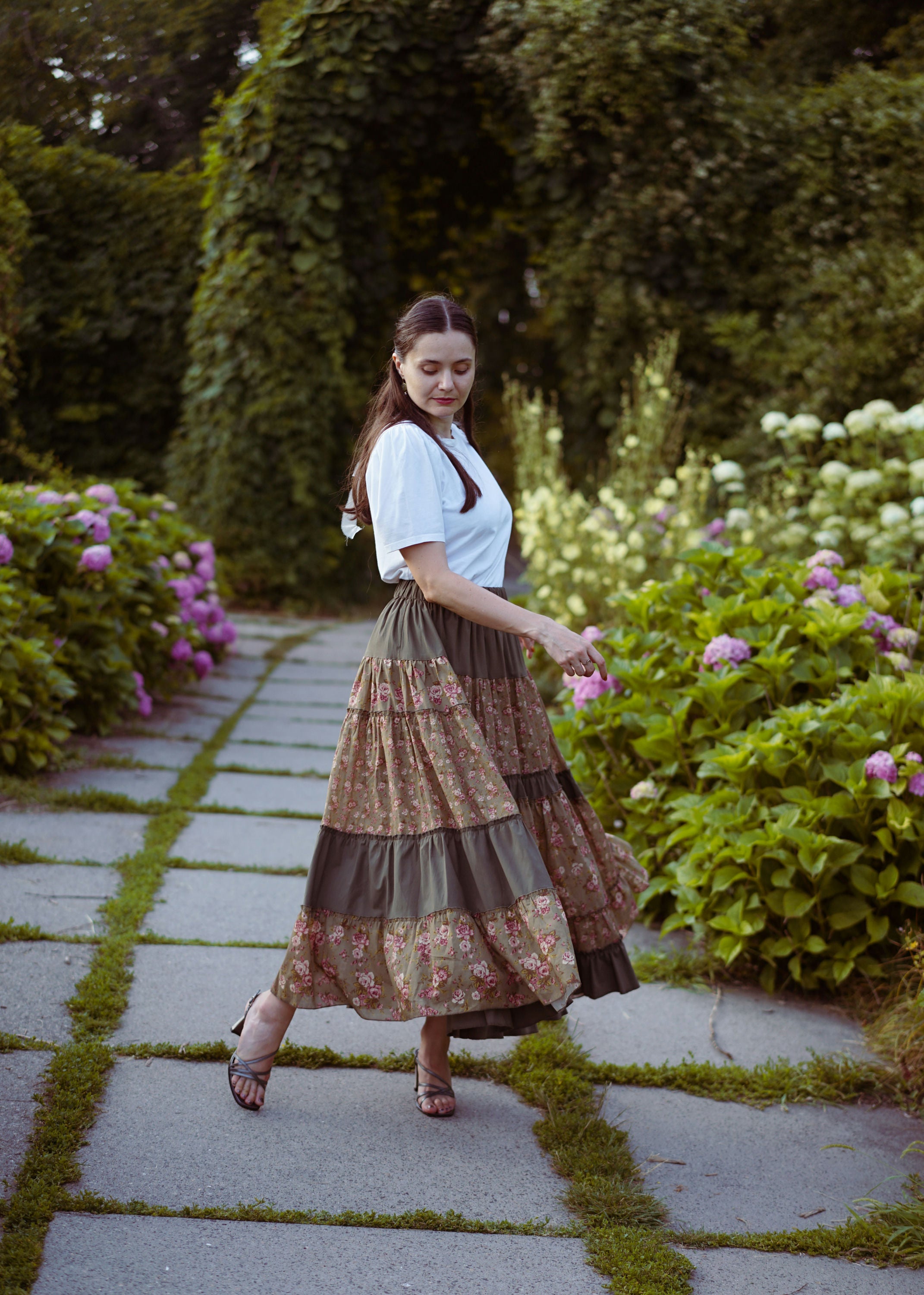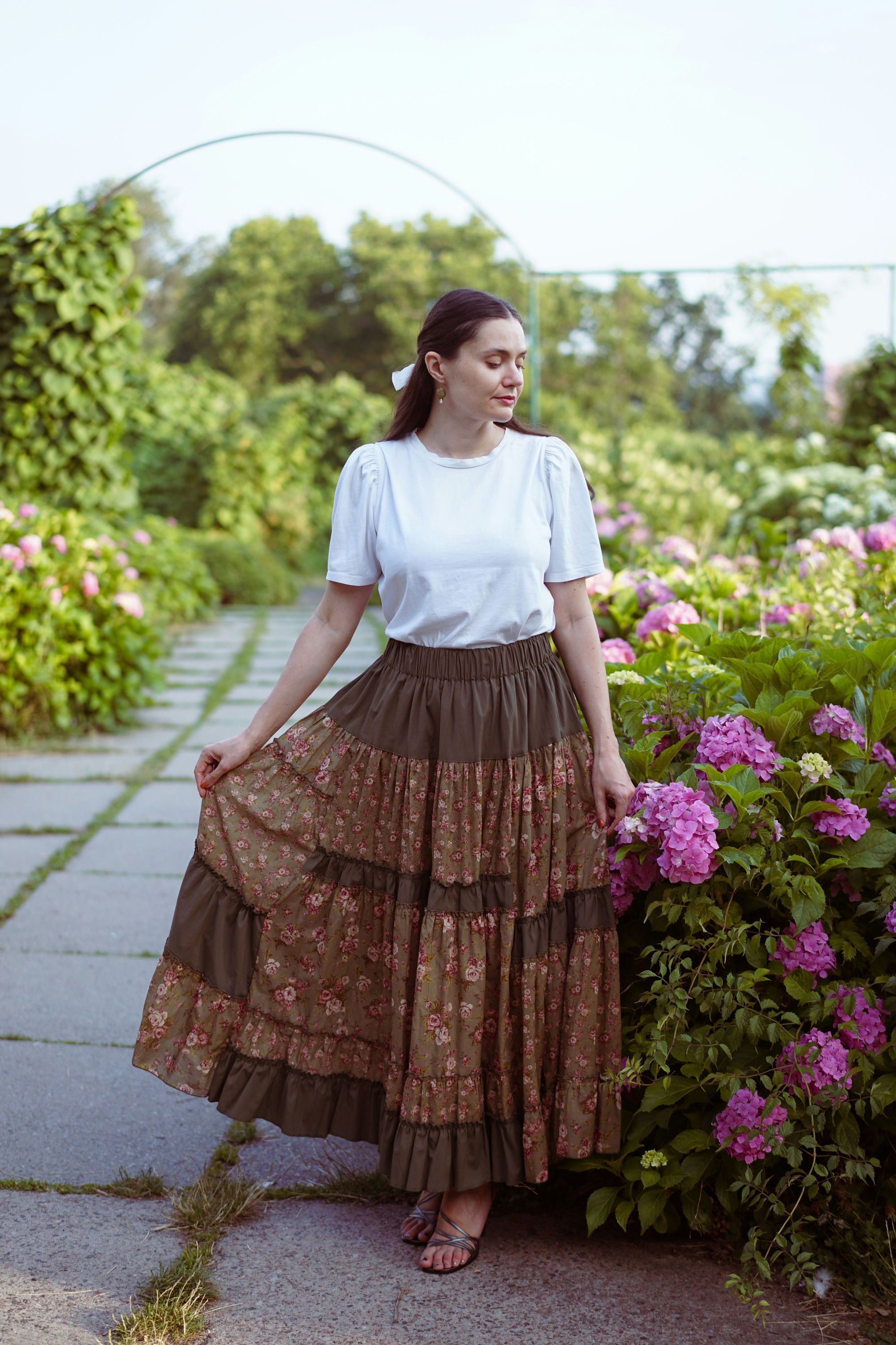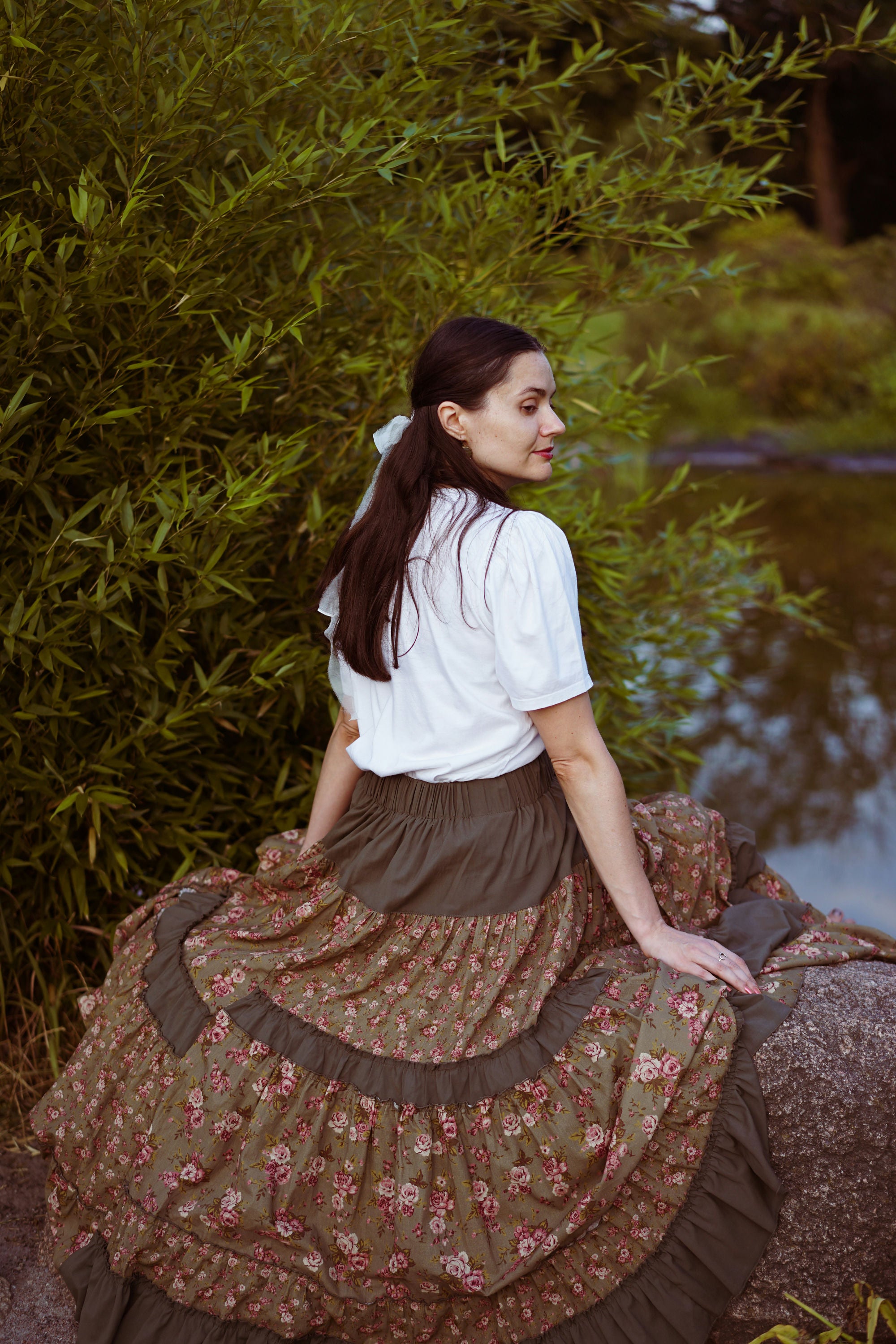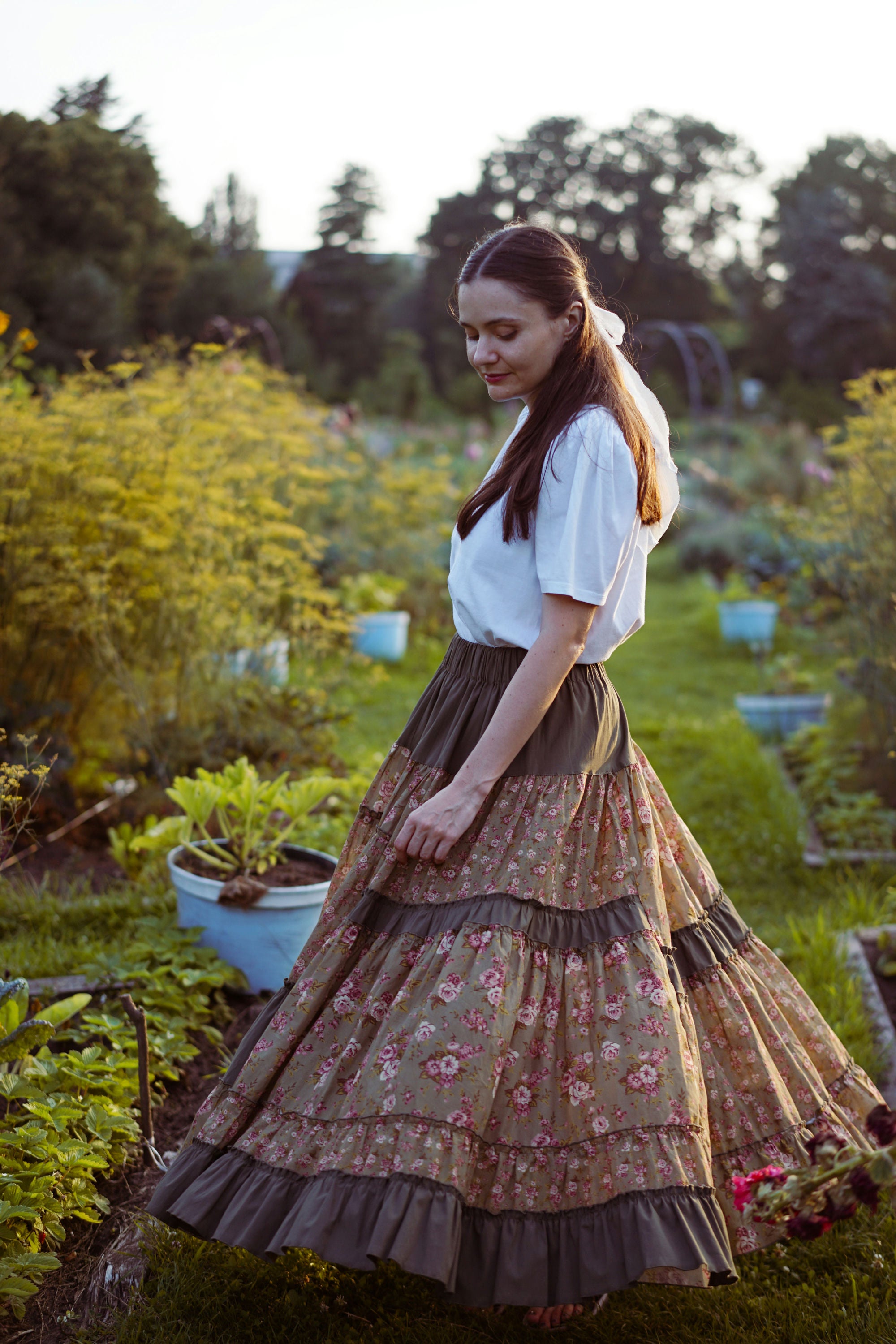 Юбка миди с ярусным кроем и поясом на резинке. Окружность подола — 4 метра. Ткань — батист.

* * * * * * *

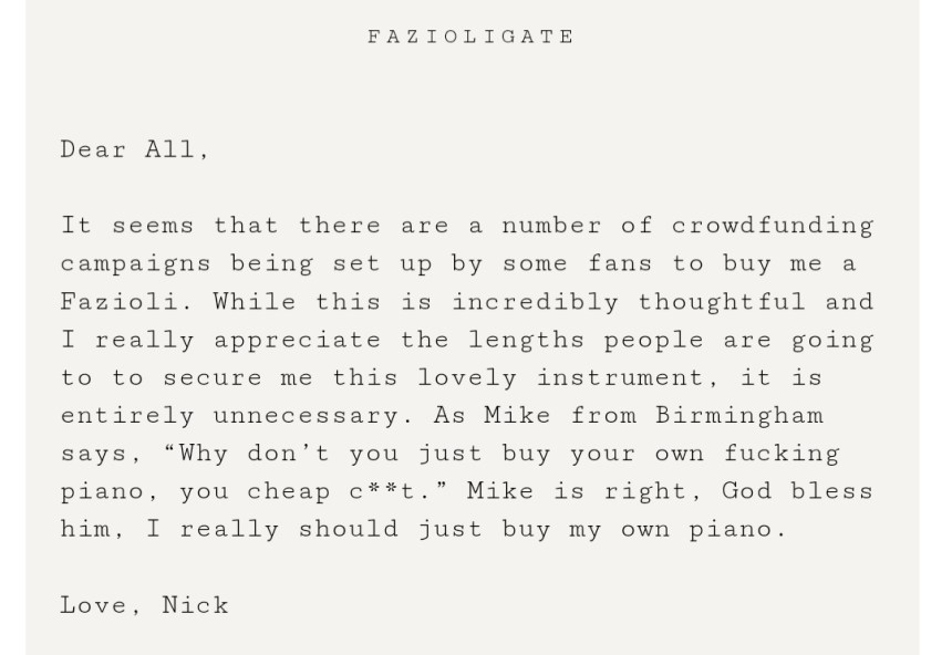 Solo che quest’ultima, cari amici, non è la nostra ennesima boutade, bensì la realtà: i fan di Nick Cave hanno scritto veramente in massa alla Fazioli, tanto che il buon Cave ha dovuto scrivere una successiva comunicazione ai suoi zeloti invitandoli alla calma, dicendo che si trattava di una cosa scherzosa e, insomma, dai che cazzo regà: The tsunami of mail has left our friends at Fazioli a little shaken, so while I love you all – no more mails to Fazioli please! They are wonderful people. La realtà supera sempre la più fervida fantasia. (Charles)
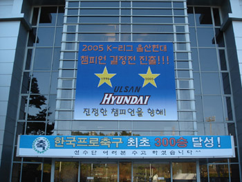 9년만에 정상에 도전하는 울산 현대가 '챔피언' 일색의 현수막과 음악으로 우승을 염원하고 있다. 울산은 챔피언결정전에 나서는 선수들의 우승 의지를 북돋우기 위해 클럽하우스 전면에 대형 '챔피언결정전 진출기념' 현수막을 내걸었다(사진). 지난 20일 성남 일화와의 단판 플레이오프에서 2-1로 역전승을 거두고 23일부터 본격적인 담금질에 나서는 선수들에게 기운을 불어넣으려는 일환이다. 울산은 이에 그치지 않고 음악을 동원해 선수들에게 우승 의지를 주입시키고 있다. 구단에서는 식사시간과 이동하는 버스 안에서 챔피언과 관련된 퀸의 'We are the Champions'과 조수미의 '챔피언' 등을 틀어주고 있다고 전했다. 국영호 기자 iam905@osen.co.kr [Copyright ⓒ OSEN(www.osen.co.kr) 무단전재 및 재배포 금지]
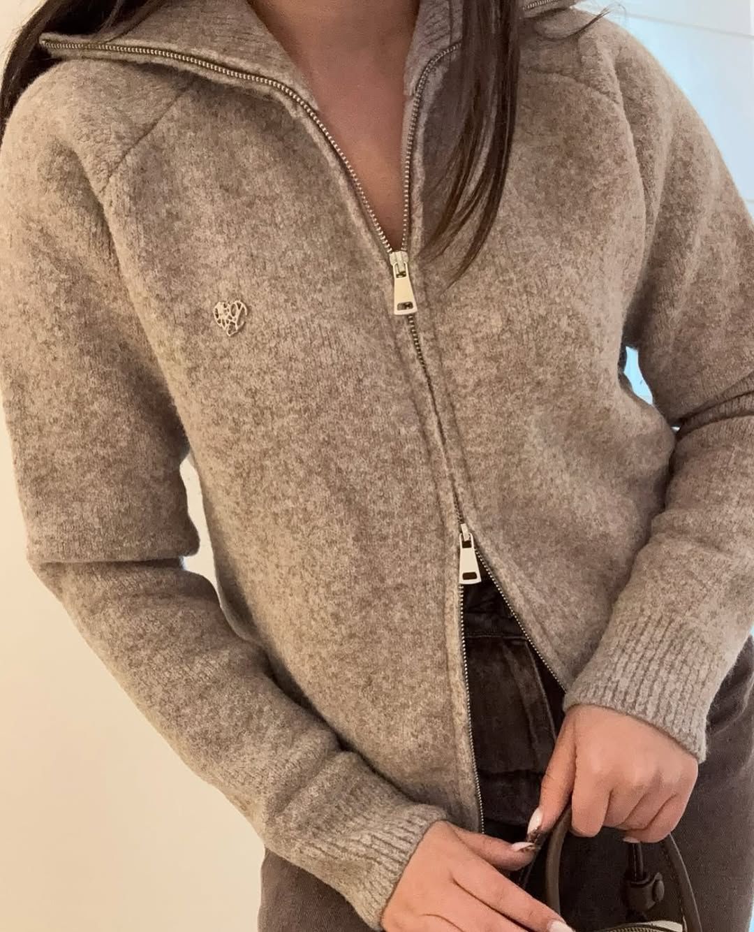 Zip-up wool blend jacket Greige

* * * * * * *

WHAT TO PRODUCE
Starting at the line above that contains "Solo che quest’ultima, cari", transcribe every line exactly through the line that contains "9년만에 정상에 도전하는", including that last one, and skip the pictures.

ANSWER FOR THE TASK
 Solo che quest’ultima, cari amici, non è la nostra ennesima boutade, bensì la realtà: i fan di Nick Cave hanno scritto veramente in massa alla Fazioli, tanto che il buon Cave ha dovuto scrivere una successiva comunicazione ai suoi zeloti invitandoli alla calma, dicendo che si trattava di una cosa scherzosa e, insomma, dai che cazzo regà: The tsunami of mail has left our friends at Fazioli a little shaken, so while I love you all – no more mails to Fazioli please! They are wonderful people. La realtà supera sempre la più fervida fantasia. (Charles)
 9년만에 정상에 도전하는 울산 현대가 '챔피언' 일색의 현수막과 음악으로 우승을 염원하고 있다. 울산은 챔피언결정전에 나서는 선수들의 우승 의지를 북돋우기 위해 클럽하우스 전면에 대형 '챔피언결정전 진출기념' 현수막을 내걸었다(사진). 지난 20일 성남 일화와의 단판 플레이오프에서 2-1로 역전승을 거두고 23일부터 본격적인 담금질에 나서는 선수들에게 기운을 불어넣으려는 일환이다. 울산은 이에 그치지 않고 음악을 동원해 선수들에게 우승 의지를 주입시키고 있다. 구단에서는 식사시간과 이동하는 버스 안에서 챔피언과 관련된 퀸의 'We are the Champions'과 조수미의 '챔피언' 등을 틀어주고 있다고 전했다. 국영호 기자 iam905@osen.co.kr [Copyright ⓒ OSEN(www.osen.co.kr) 무단전재 및 재배포 금지]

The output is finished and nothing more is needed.